We only briefly spoke of what it means to be a “Syrian artist,” for Noor rejects the expectation that Syrian art must necessarily be directly involved with themes of war and conflict. “I want people to see me for who I am, not just as a Syrian who is representative of the entire situation,” she insists. “If you want to do something, don’t tell me you’re sorry. Go do something. I’m okay, don’t worry about me!”
So who is Noor? Beneath the sparkling humor and easy laughter, there is a current of something driving her, something powerful. It is when she speaks of her work that she is the most animated.
Her exhibition in Manila, Which one is your thread? is the result of Noor’s struggle to untangle her thoughts and behaviours from those of others.
“I often find myself doing something, but the intention, the idea, it did not come from me…why am I here? What do I want? I tried connecting all these things, which is how I arrived at the metaphor of the thread.”

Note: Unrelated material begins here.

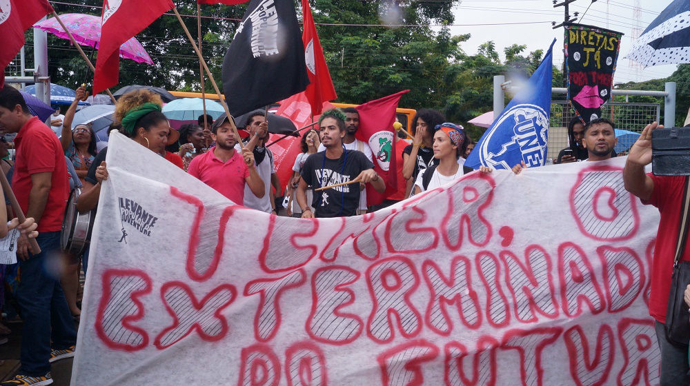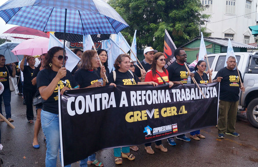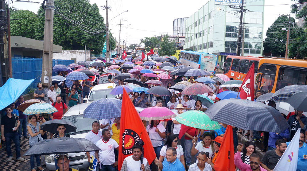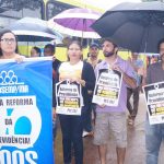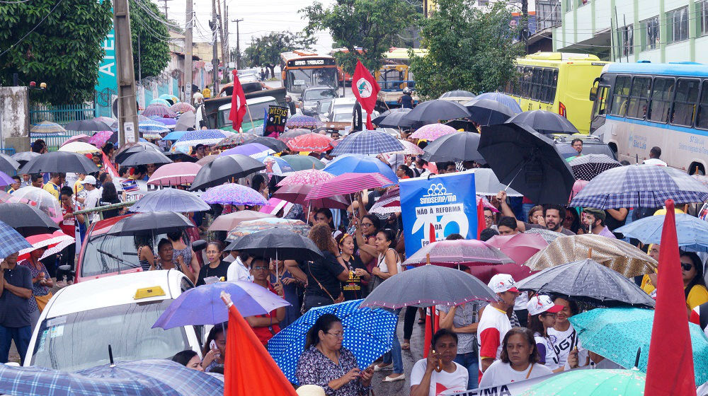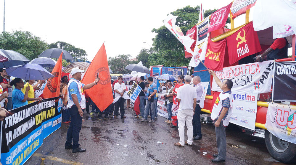Mobilização – Em São Luís, o protesto reuniu representantes dos sindicatos dos professores (Sinproesemma), dos hoteleiros (Sindhoteis/MA), dos rodoviários (Sttrema), dos vigilantes (Sindvig/MA), dos servidores federais (Sindsep/MA), assim como dos Correios (Sintect/MA) e professores da Universidade Federal do Maranhão (Apruma).

Noor visualizes thoughts and ideas as interconnected threads. One of her paintings, Where Do Your Thoughts End? (right), features a girl with a jellyfish perched on top of her head, replacing her brain, which she holds in her hands instead. Out of the displaced brain, real threads dangle down to the ground. Viewers in the gallery can step on them. “She doesn’t want to think, so her thoughts have become worthless,” Noor explains. The “butterfly effect” – that the smallest cause, such as the flapping of a butterfly’s wings, can have largescale events – also influences this search for the origins of our thoughts and behaviours.
Which one is your thread? radiates Noor’s frustration at a perceived complacency in our society, particularly in our unwillingness to question ourselves and our surroundings. She used to leave her paintings untitled, but found that this often intimidated viewers from engaging with the sentiments she communicates. She now titles her paintings with questions, urging viewers to find their own answers within the paintings.

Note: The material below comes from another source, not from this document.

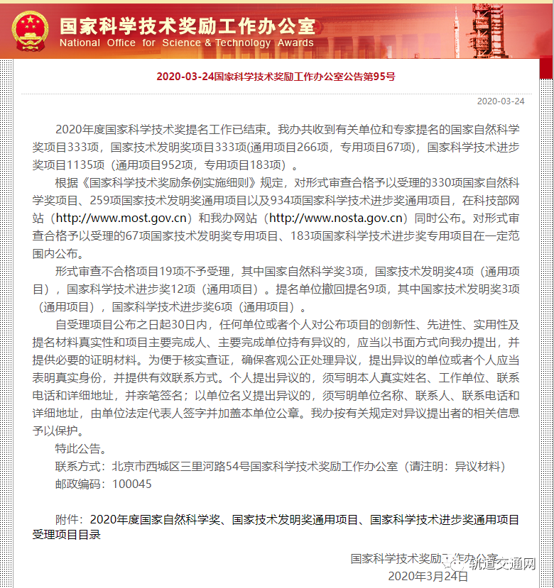 2020年度國(guó)家自然科學(xué)獎(jiǎng)、國(guó)家技術(shù)發(fā)明獎(jiǎng)通用項(xiàng)目、國(guó)家科學(xué)技術(shù)進(jìn)步獎(jiǎng)通用項(xiàng)目受理項(xiàng)目(軌道交通領(lǐng)域)

“What I don’t like is when you put up an unnecessarily long explanation next to painting,” she laments. “It’s like you’re assuming the viewer is incapable of receiving ideas unless they are spelled out plainly.”
“I don’t want everything I do to be a reaction to what I am receiving…I want things to come from me.”
Growing agitated, Noor tries to trace the sources of often problematic patterns of thought, which she attributes to a “system” that floods our environments with trivialities as a distraction from the real issues. “We care about things that don’t matter that much in the big picture!”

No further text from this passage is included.